From Los Angeles Times
by Julie Cart
A few thoughts on the announcement by Stefan Edberg that he will retire after next season:
- The sport will miss his playing style more than it knows. Edberg is one of the last all-court players. He's a serve-and-volley player whose serve can be detected by the naked eye. His volley is textbook and Edberg is light on his feet, swift in a way that defines grace and movement of another era.
He's not some hulking monster who blasts a serve and stands rooted to the baseline, should the serve be returned. He's deft, subtle and always thinking. He constructs points. His is compelling, interesting tennis and the game needs much more of it.

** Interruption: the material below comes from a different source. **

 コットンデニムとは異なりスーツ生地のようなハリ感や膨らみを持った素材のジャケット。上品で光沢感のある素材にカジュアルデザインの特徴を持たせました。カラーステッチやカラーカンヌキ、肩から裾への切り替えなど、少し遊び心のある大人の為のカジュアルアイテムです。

- Edberg is and has always been a professional. That means he's aware of the full range of his responsibilities, including schmoozing with sponsors and meeting reporters.

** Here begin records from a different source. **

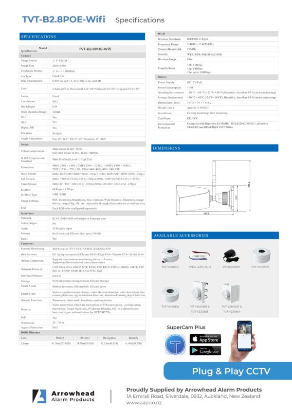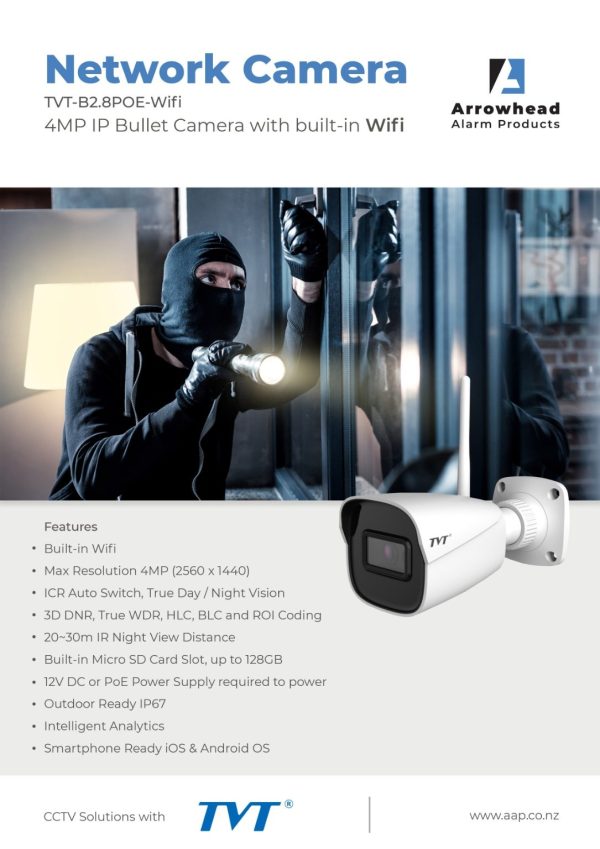 Arrowhead Alarm Product – 4MP IP Bullet Network Camera with built in Wi-Fi
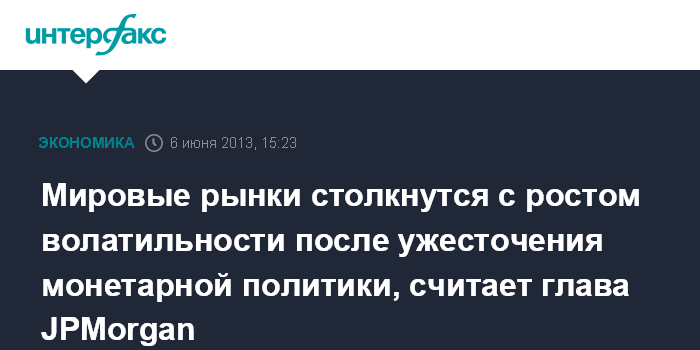 Мировые рынки столкнутся с ростом волатильности после ужесточения монетарной политики, считает глава JPMorgan
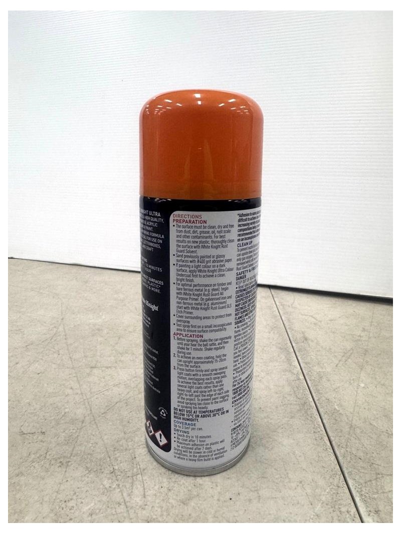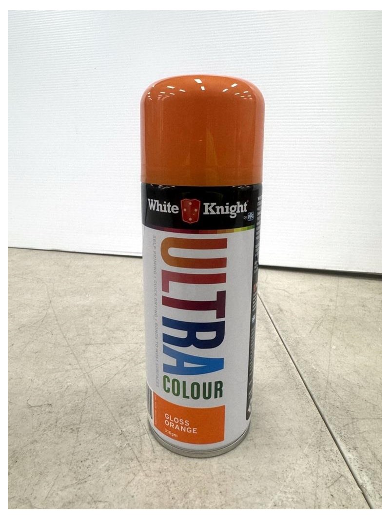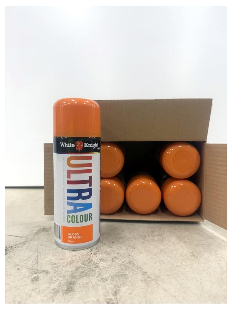 Ultra colour aerosol enamel paint, White knight, Gloss Orange, 310gm, x6 Cans

Edberg is not an extrovert and doesn't look forward to news conferences or interviews. But early in his career he decided to make the best of the situation, to always take the high road and smile even when asked the same question for the umpteenth time.
At the U.S. Open, when each of his news conferences opened with "When are your going to retire?" Edberg could have lost his temper. Instead, he laughed.

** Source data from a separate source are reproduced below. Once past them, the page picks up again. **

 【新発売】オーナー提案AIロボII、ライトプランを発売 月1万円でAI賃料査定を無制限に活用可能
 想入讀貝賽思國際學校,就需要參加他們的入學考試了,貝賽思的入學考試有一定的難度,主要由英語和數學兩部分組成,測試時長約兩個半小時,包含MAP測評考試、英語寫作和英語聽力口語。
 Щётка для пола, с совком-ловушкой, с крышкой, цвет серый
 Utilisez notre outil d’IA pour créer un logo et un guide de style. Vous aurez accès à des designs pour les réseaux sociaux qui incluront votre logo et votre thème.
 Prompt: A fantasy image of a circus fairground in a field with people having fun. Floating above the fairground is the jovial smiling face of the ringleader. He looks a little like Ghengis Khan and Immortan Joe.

- He has always been a voice of reason and integrity. Edberg never bailed out of a tournament with a trumped up injury, then turned up at a lucrative exhibition the same week.
It was amusing to watch Edberg's reaction during all the Davis Cup hubbub at the tournament at Indian Wells last spring.
While the USTA was waving the flag at a news conference, congratulating Andre Agassi and Pete Sampras for returning to the fold for Davis Cup--after they had negotiated bonus money and transportation on the Concorde--Edberg was in another room giving his thoughts about Davis Cup.
Edberg always made himself available to the Swedish federation for Davis Cup duties, even during the first-round matches.
Agassi, especially, spoke about how difficult it was to fit Davis Cup into the hectic schedule of a top-10 player. Edberg, who fell out of the top 10 this year for the first time in 10 years, could only laugh at that assessment.
"It's a question of commitment," he said. "You either want to play Davis Cup or you don't. If you do, you make space in your schedule. It's simply a matter of planning. Davis Cup is important to me and I've been pretty busy too. I've always managed to fit it in my schedule."
Coming from Edberg, it was a scathing dressing down about priorities and honesty.
- The reason Edberg seems so normal is because he is. He has interests and concerns outside himself and tennis, which in the insular world of the professional tour, makes him unusual.
Edberg always travels with his wife, Annette, and their 2 1/2-year-old daughter, Emilie. It was a common sight at last year's Australian Open to see Edberg wheeling his daughter around Melbourne's city parks in her stroller.
It comes as no surprise, too, to hear that Edberg plans to establish a foundation to promote development of junior tennis players in Sweden.